> _Instructions to follow_
Omit all pictures, then retype the data exactly as given.

> _Source material_
***

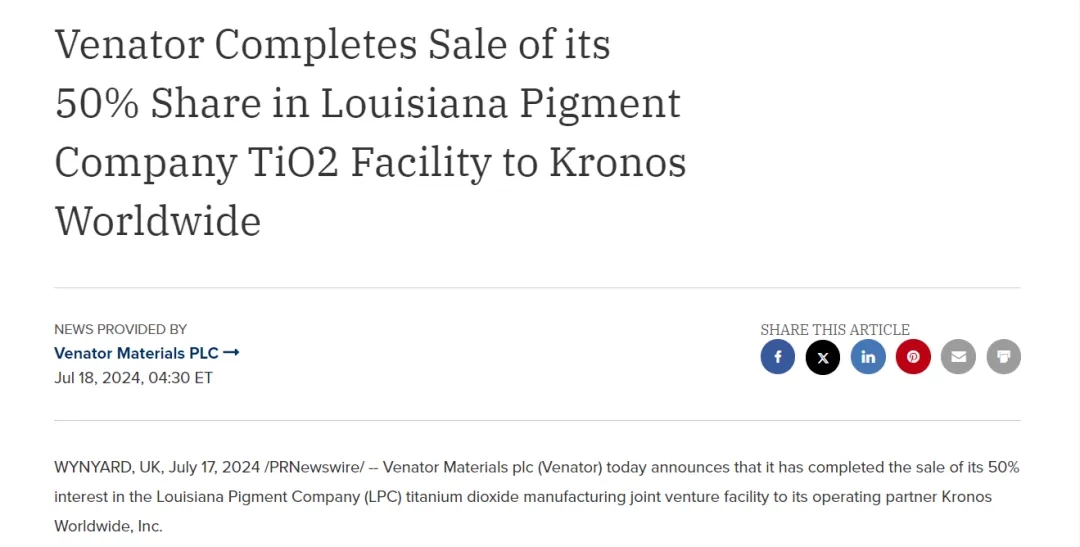 泛能拓將持有的路易斯安那顏料公司二氧化鈦制造合資企業(yè)工廠50%的股份轉(zhuǎn)讓給康諾斯。
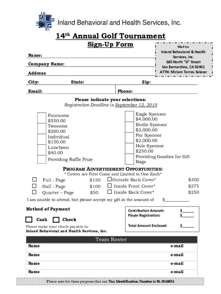 Inland Behavioral and Health Services, Inc.14th Annual Golf Tournament Sign-up Formal to:Inland Behavioral & Health Services, Inc. 665 North D Street San Bernardino, CA 92401 ATTN: Miriam TorresSalazarName:
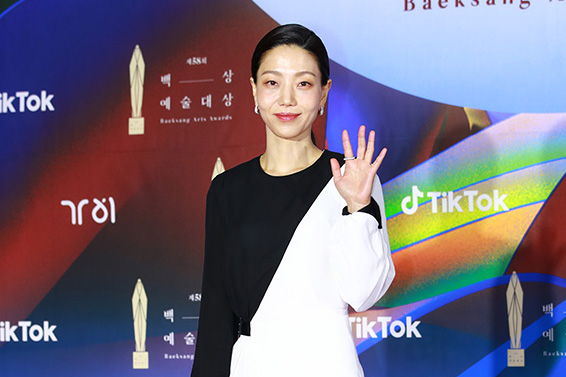 배우 김신록이 6일 오후 경기 고양시 일산 킨텍스에서 열린 제58회 백상예술대상 레드카펫에서 포즈를 취하고 있다. (사진=백상예술대상)
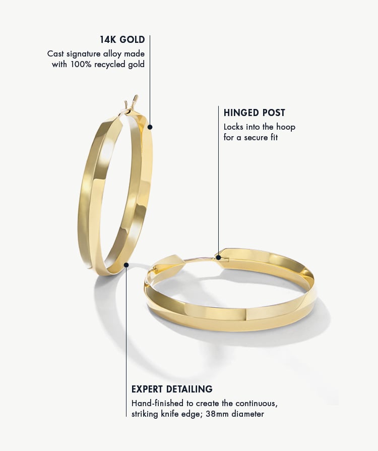 Designer Alice Cicolini's Major Defiant Hoop is a hoop that elevates the very idea of a hoop. With its striking silhouette and comfortable weight, it's a hoop with an edge. A hand-finished knife edge, to be exact.

***

> _Reply_
 泛能拓將持有的路易斯安那顏料公司二氧化鈦制造合資企業(yè)工廠50%的股份轉(zhuǎn)讓給康諾斯。
 Inland Behavioral and Health Services, Inc.14th Annual Golf Tournament Sign-up Formal to:Inland Behavioral & Health Services, Inc. 665 North D Street San Bernardino, CA 92401 ATTN: Miriam TorresSalazarName:
 배우 김신록이 6일 오후 경기 고양시 일산 킨텍스에서 열린 제58회 백상예술대상 레드카펫에서 포즈를 취하고 있다. (사진=백상예술대상)
 Designer Alice Cicolini's Major Defiant Hoop is a hoop that elevates the very idea of a hoop. With its striking silhouette and comfortable weight, it's a hoop with an edge. A hand-finished knife edge, to be exact.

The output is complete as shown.